Este aumento de la crianza condescendiente y “helicóptero” habría empezado, creen los autores del artículo, en los suburbios de clase media estadounidenses durante los 80, años de prosperidad material y percepción de dominio cultural. Varias razones, desde normas parentales expuestas en los medios, mayores expectativas para los pequeños, una regulación en aumento, así como avances tecnológicos y la creencia -azuzada por los medios- del aumento del riesgo de secuestro de los pequeños, acabaron con la autonomía infantil y el juego no supervisado por adultos.

Como consecuencia,

“los niños han prácticamente perdido la experiencia de disfrutar de franjas de tiempo no supervisado para jugar, explorar, y resolver conflictos por su propio pie. Esto ha provocado que sean más frágiles, se ofendan más fácilmente y dependan más de terceros.”

En los últimos años, habríamos confundido el deseo de garantizar un buen nivel de seguridad y mentoría de los pequeños con la inculcación de la creencia dogmática de que, al ser “menores”, necesitan figuras autorizadas (“adultos”) para resolver sus problemas y mediar entre conflictos y rencillas, así como garantizar un mundo entre algodones donde la incomodidad y la imperfección son extirpadas con el bisturí de de una mentalidad que recuerda a la eugenesia de Francis Galton.

Los psicólogos llaman al fenómeno de la interiorización infantil de la necesidad de supervisión “dependencia moral”.

¿Y si esta supuesta “dependencia moral” minara la notable ausencia de prejuicios e ingenuidad que tanto alabamos en genios de todas las disciplinas, que han sabido conservar esta actitud de frescura y autenticidad asociadas con la primera edad?

Edmond es Montecristo

La apertura de miras será necesaria para cualquier joven que quiera abrirse paso en los estudios y la vida, pues sin conocer las mieles de la creatividad original sin supervisión y los sinsabores de los primeros fracasos, los adultos más jóvenes optan por la actitud que los tutores y el contexto han patrocinado: la sumisión a la autoridad, el dogmatismo, la hipersensibilidad y rechazo de cualquier fenómeno que perturbe la realidad como, según les han explicado, tiene que ser.

Salir de fiesta, hacer una travesura o perderse en el interior de una de esas estructuras laberínticas que llamamos ciudad o campus universitario no equivalen a escalar el Everest o alcanzar la luna, y la inteligencia emocional necesaria para no sufrir un bloqueo ante cualquier dificultad repentina aparece latente en cada niño.

Todo lo que tenemos que hacer es otorgarles confianza.
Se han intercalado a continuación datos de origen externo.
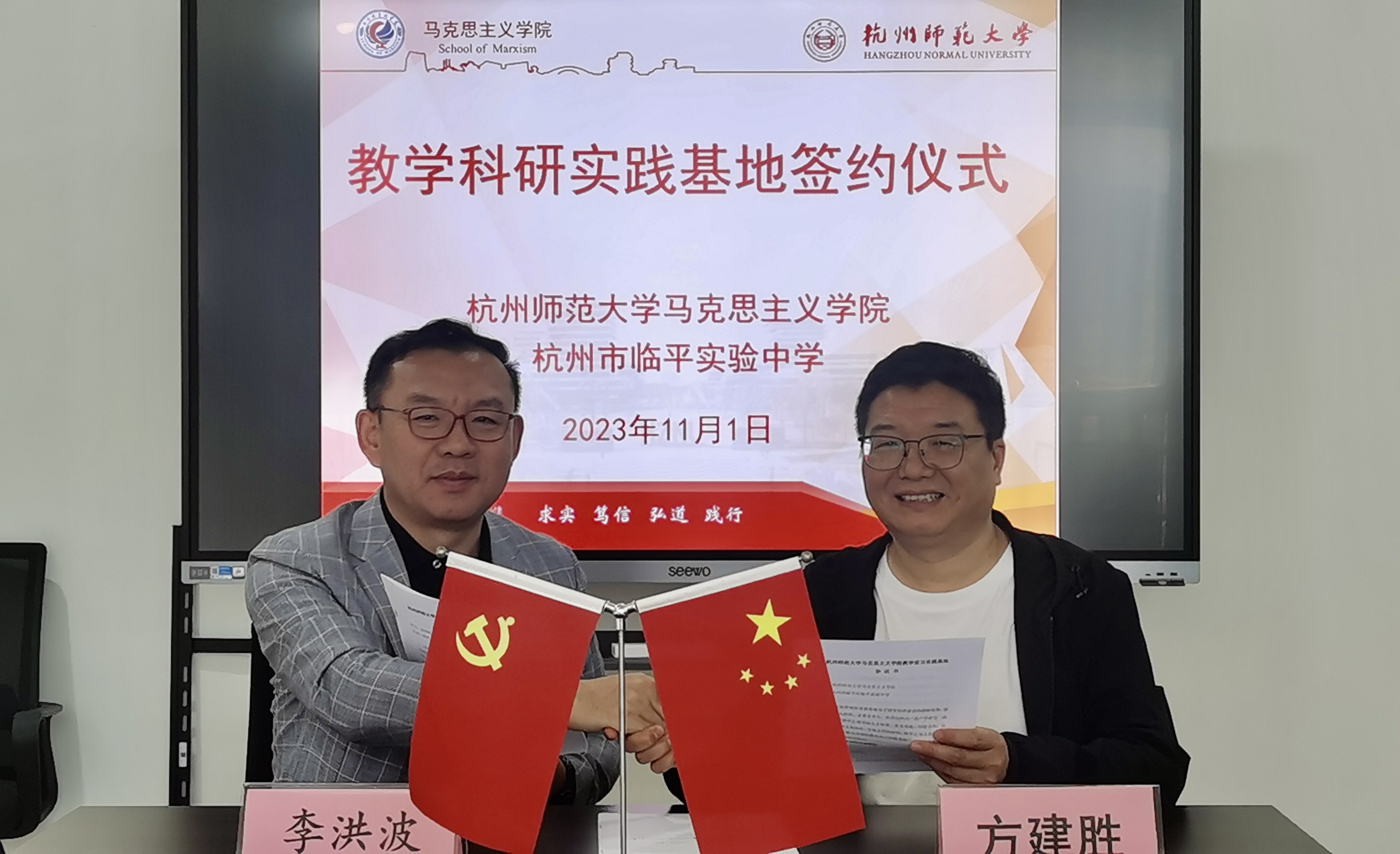 11月1日上午,色色视频 与杭州市临平区临平实验中学举行党建联建、大中小学思政课一体化、教育实习实践基地建设签约及授牌仪式。

Saben lo que hacen y, llegado el caso, se las ingenian para salir de cualquier pequeño mal trago.

Martin Eden, un libro de Jack London considerado literatura juvenil que, sin embargo, aguanta -por su seriedad, trasfondo, calidad- el paso de los años. Un clásico infravalorado que aguanta la lectura madura y reflexiva

Ofrezcamos ayuda y asistencia cuando lo estimemos oportuno o nuestros hijos y alumnos lo demanden, pero no pensemos ni decidamos en su lugar. La condescendencia es la peor ofensa a la mente libre, ingenua, brillante.
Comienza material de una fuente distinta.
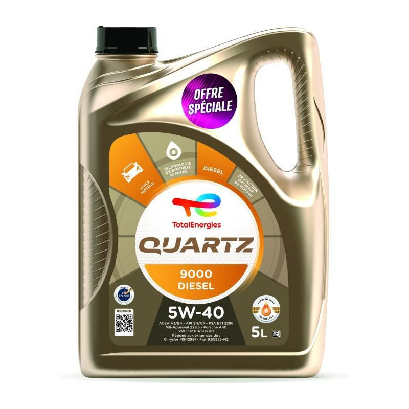 TOTAL HUILE MOTEUR 5L QUARTZ 9000 DIESEL 5W40

Del mismo modo que hemos aprendido a apreciar la genialidad de los polímatas y aventureros excéntricos y librepensadores, celosos de su autosuficiencia, podemos hacer lo mismo con los pequeños grandes aventureros que moran entre nosotros y tanto nos recuerdan a los momentos más lúcidos de Don Quijote, Edmundo Dantés, Lord Jim.